Combining a patient’s SAFE score with their age was able to provide a prediction for 68% of patients and discriminate with 78% accuracy between patients who had Excellent or Good upper limb function 3 months post-stroke. For patients with a SAFE score below 5, NIHSS score without MEP status was only able to accurately predict either a Good or Poor outcome with 55% accuracy. The addition of TMS biomarker information increased prediction accuracy to 70% for these patients, highlighting the importance of testing corticospinal tract function in patients with more severe motor impairment.


How is PREP2 better than the original PREP algorithm?

PREP2 addresses some of the limitations of the original PREP algorithm. Efficiency was improved by the finding that patients with a SAFE score of five or more are MEP+. This means that TMS is only required for a third of patients using PREP2, instead of more than half if using the PREP algorithm. Accessibility is improved by replacing MRI scans with NIHSS score 3 days post-stroke, which can be used with equivalent accuracy.

Despite these simplifications, PREP2 correctly predicts the actual upper limb functional outcome for 75% of patients, which is an improvement on the 64% accuracy of the original PREP algorithm. Predictions were too optimistic for most of the remaining 25% of patients and erring on the side of optimism is preferable to the alternative, to avoid reducing patient and therapist motivation. The outcomes “complete” and “notable” in the original PREP algorithm have also been renamed to Excellent and Good, respectively.


What are the limitations of PREP2?

One of the limitations of PREP2 is that the study that developed it included a small number of MEP- patients relative to MEP+, and patients with previous stroke or intracerebral haemorrhage were relatively under-represented. Another limitation is that PREP2 requires TMS for a small proportion of patients and there are barriers to using this technique in a clinical setting. The major barrier is the cost of the TMS equipment but this might be offset by a reduced average length of stay when algorithm predictions are used in clinical practice.

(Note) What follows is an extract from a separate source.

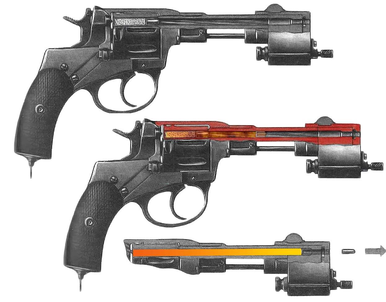 Bratři Mitinové si kromě tlumičů připsali na konto i jednu speciální tlumenou zbraň. Šlo o návrh zcela neúspěšný, ale technicky mimořádně zajímavý, který dosahoval utlumení revolveru zcela jiným způsobem. Patent podaný v roce 1929 demonstroval silně upravený revolver Nagant i jeho náboj, jenž byl opatřen podkaliberní střelou ráže 5,6 mm, přičemž volný prostor v nábojnici a posléze v hlavni vymezoval sabot (profil, v němž je vsazena střela) vyplňující prostor mezi vývrtem a povrchem střely. Na ústí hlavně se nacházel druhý spřažený válec, jenž měl na čele otvor, kterým mohla prolétnout střela, ale sabot se v něm zasekl, a zabránil tak spalným plynům uniknout z ústí. Odfuk nastal až v okamžiku, kdy střelec uvolnil spoušť, čímž došlo k uvolnění mezery mezi válcem a hlavní. V tu chvíli ale již s tlakem a teplotou, jež při úniku ze systému negenerovaly výrazný hluk. V kombinaci s podzvukovou střelou by měl být výstřel zcela mimořádně tichý a ústí navíc nebylo třeba osazovat rozměrným tlumičem. Naopak slabiny spočívaly mimo jiné ve větší složitosti, nutnosti důkladného utěsnění mezer vůči tlakům nebo v tom, že po výstřelu bylo třeba extrahovat nejen prázdné nábojnice, ale i saboty z předního válce. Nelze se divit, že zůstalo jen u návrhu. Není dokonce jisté, jestli vůbec vznikl prototyp.

What is the next step for PREP2?

PREP2 remains to be validated in other clinical environments, and a multi-centre trial could be performed in order to achieve this. Other possible predictors of upper limb outcome also need to be explored, such as impaired upper limb somatosensation, vision, visuospatial attention, and cognition. It is possible that PREP2 predictions, which are based on motor system measures, are less likely to be achieved when the patient’s motor performance is also affected by deficits in sensory and cognitive domains.

Further work could usefully explore other neuroimaging biomarkers that might provide important prognostic information for MEP- patients. These may involve measures of alternative descending motor pathways, and of the wider ipsilesional and contralesional sensorimotor networks, including the corpus callosum. However, more sophisticated measures may also require expertise not readily available in most clinical settings.